> Extracted entries:

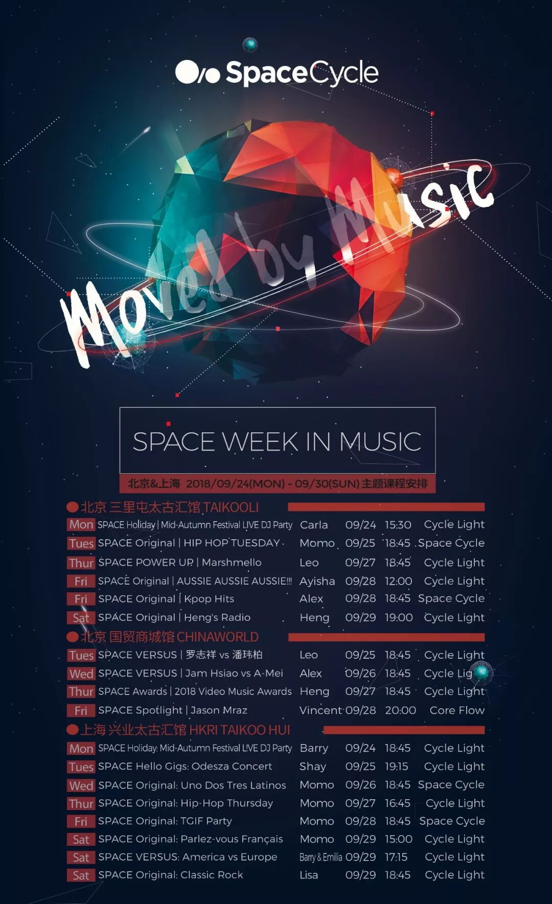 中秋假期,SC的Instructors哪也不去,就在熟悉的场馆等你。准备了新歌单和L!VE DJ的中秋派对即刻开启,在这个团圆的时刻,来SPACE大家庭,和教练们一起看月亮如何?
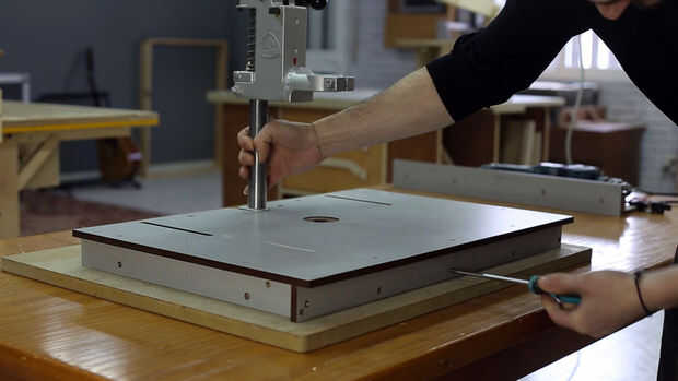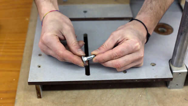 Foto3-quitar este tornillo podemos ver cómo este cuatro pernos están sosteniendo el taladro a la base, hecho del MDF.
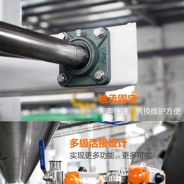 物料料斗:可以結合手套箱設計,實現對粉塵和氣體與操作者的100%隔絕;可選擇流化器,并可在料斗下加裝破塊器,也可對料斗進行稱重,實現計量功能。
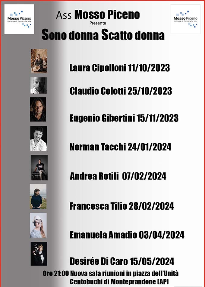 MONTEPRANDONE – Si è tenuto mercoledì 11 ottobre presso la nuova Sala Riunioni a Centobuchi di Monteprandone il primo incontro dell’evento “Sono donna. Scatto donna” una iniziativa dell’associazione Mosso Piceno Odv – La bottega di fotografia. Il primo incontro ha visto ospite la fotografa Laura Cipolloni che ha esposto, dinanzi ad un nutrito pubblico, il suo lavoro incentrato sul New Born e sulla foto di famiglia. La fotografa si è messa a disposizione delle numerose domande e delle curiosità degli intervenuti. Nel corso della serata l’Amministrazione comunale non ha fatto mancare il suo supporto con la presenza dell’assessore alla cultura Roberta Iozzi. L’associazione Mosso Piceno Odv dà appuntamento con il secondo incontro dell’evento per mercoledì 25 ottobre con Claudio Colotti.
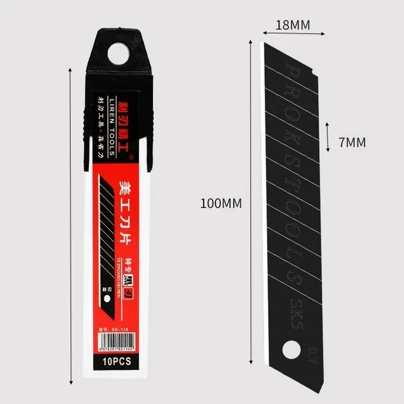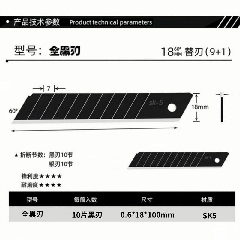 刀片加厚型全黑大号18mm美工刀片锋利高碳钢裁纸墙纸黑刃切割
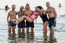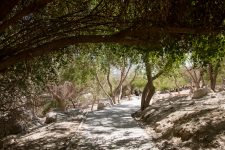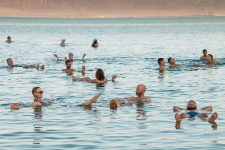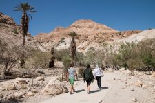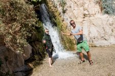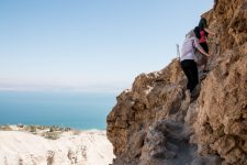 Unser nächster Halt ist der Naturpark „En Gedi“ am Toten Meer. Durch ein schmales Tal wandern wir an einem kleinen Bachlauf entlang. Eine kleine grüne Oase mitten in der Wüste. Immer wieder treffen wir auf kleine Wasserfälle während es steile Treppenabschnitte weiter aufwärts geht. Nach dem letzten Wasserfall, dem „David Fall“, gehen wir noch etwas weiter bergauf und genießen die tolle Aussicht auf das Tote Meer, das einige hundert Meter unter uns blau in der Mittagssonne funkelt. Nach unserem Abstieg checken wir schnell in unserem Hostel direkt unterhalb der Festung Masada ein und fahren noch ein Stück mit dem Auto weiter nach „En Bokhet“. Hier gibt es einen öffentlichen Strand am Toten Meer. Einige der anderen öffentlichen Strände an denen wir bisher vorbeikamen sind geschlossen, da der extrem schnell sinkende Wasserspiegel des Toten Meeres zu starken Einbrüchen am Ufer gesorgt hat. Das betreten dieser Gebiete heißt Lebensgefahr!
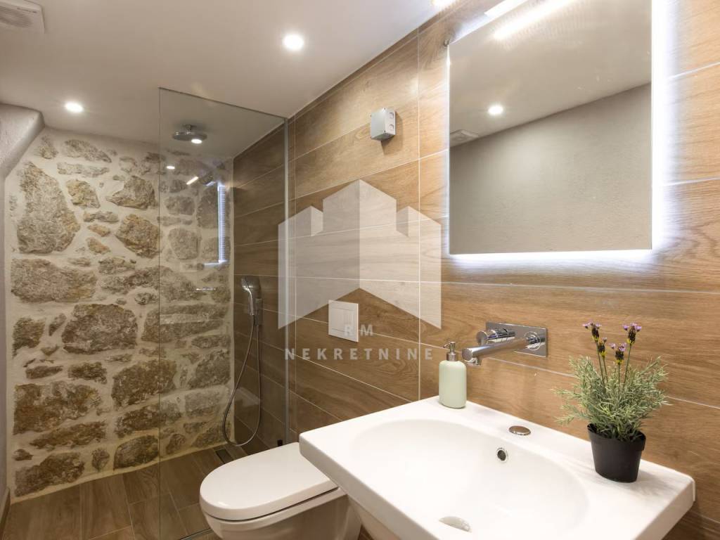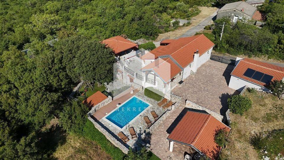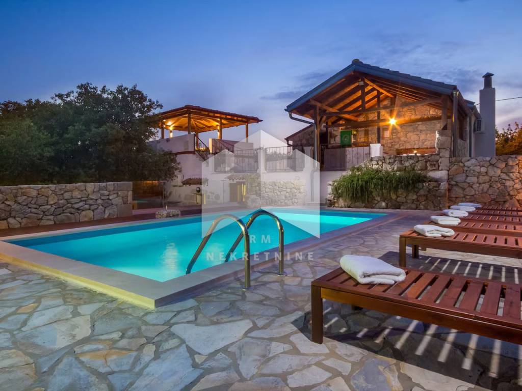 Stara autentična ali kompletno renovirana luksuzna kamena vila,klimatizirana, sastoji se od tri spavaće sobe, četiri kupaonice, fitness, pikado i soba za snooker, stolni tenis,ograđeni vrt,bazen, roštilj, besplatan Wi-Fi, vrt,dječje igralište u zatvorenom i na otvorenom, privatno parkiralište, pogled na more.
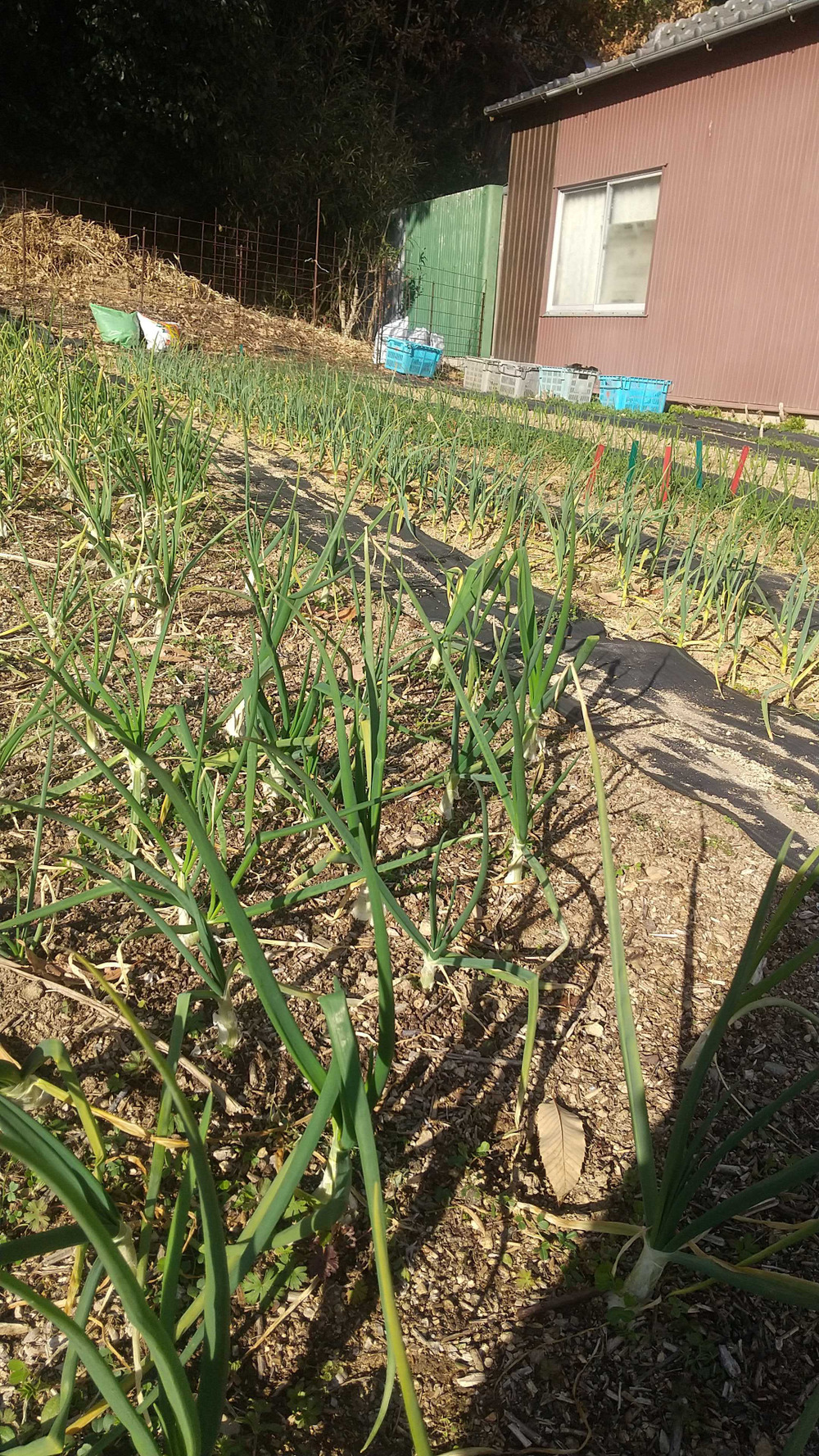 今日は、暖かい日中にタマネギやニンニクの除草をしました。葉付きタマネギや葉ニンニクの収穫のたびに除草をしていますが、雑草が生え、生長するのに追いついていません。今日は、列の左半分だけ。生長に段差がつくから、それもいいかな。
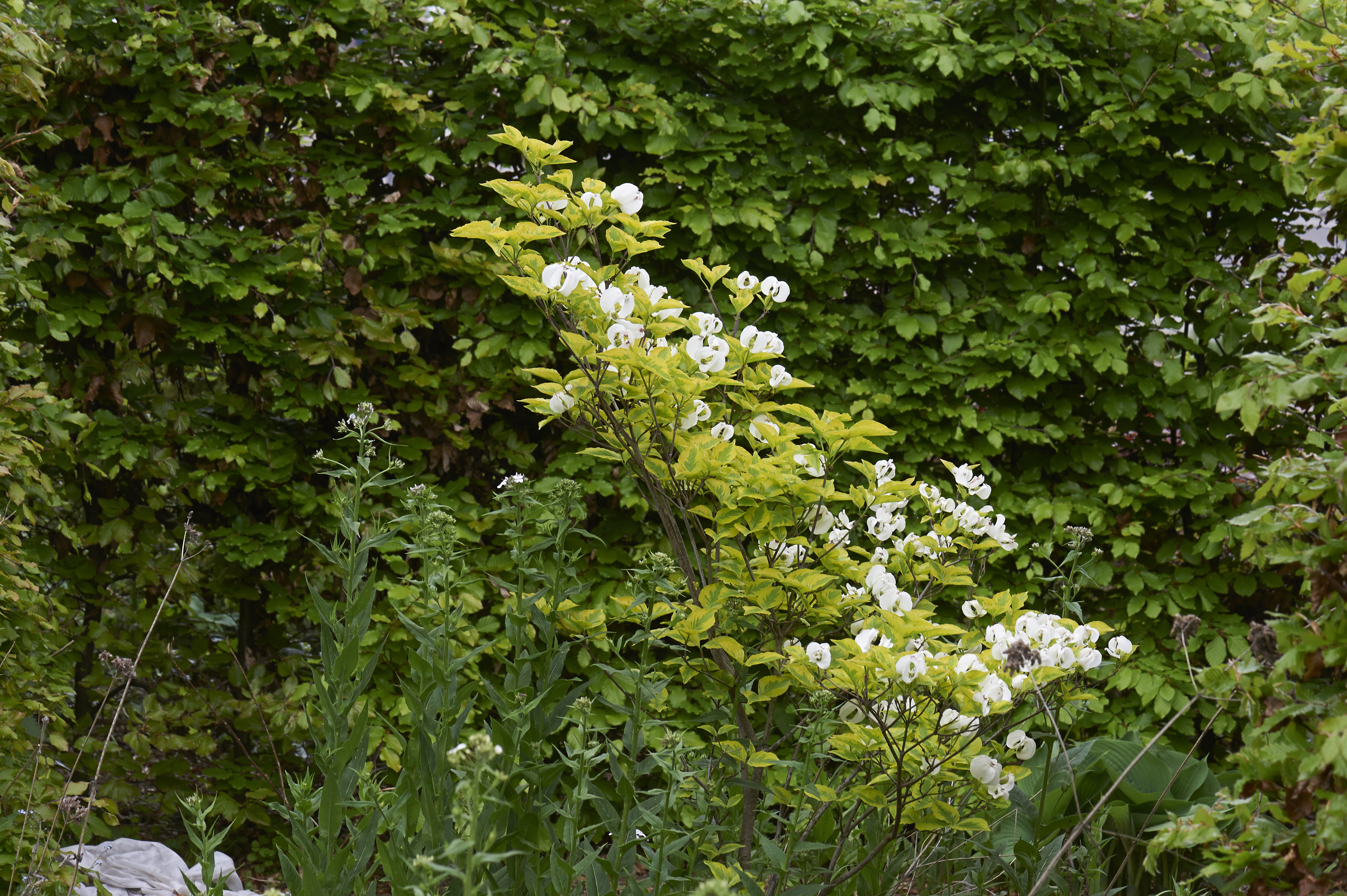 Toen ik enkele jaren geleden deze Cornus florida ‘Rainbow’ kocht, was ik een beetje bezorgd of deze bontbladige kornoelje het wel zou redden op mijn zware grond. Maar ook deze plant is hier ongeveer verdubbeld qua volume. Alleen jammer dat de bloemen niet helemaal openen. De bonte bladeren en de witte bloemen contrasteren mooi met … Meer lezen over Cornus

> Work to be completed: Although pictures appear among the records above, write out exactly only the lines from the one that has "Foto3-quitar este tornillo" through the one that has "物料料斗:可以結合手套箱設計", and leave the pictures out.

> Answer to the problem:
 Foto3-quitar este tornillo podemos ver cómo este cuatro pernos están sosteniendo el taladro a la base, hecho del MDF.
 物料料斗:可以結合手套箱設計,實現對粉塵和氣體與操作者的100%隔絕;可選擇流化器,并可在料斗下加裝破塊器,也可對料斗進行稱重,實現計量功能。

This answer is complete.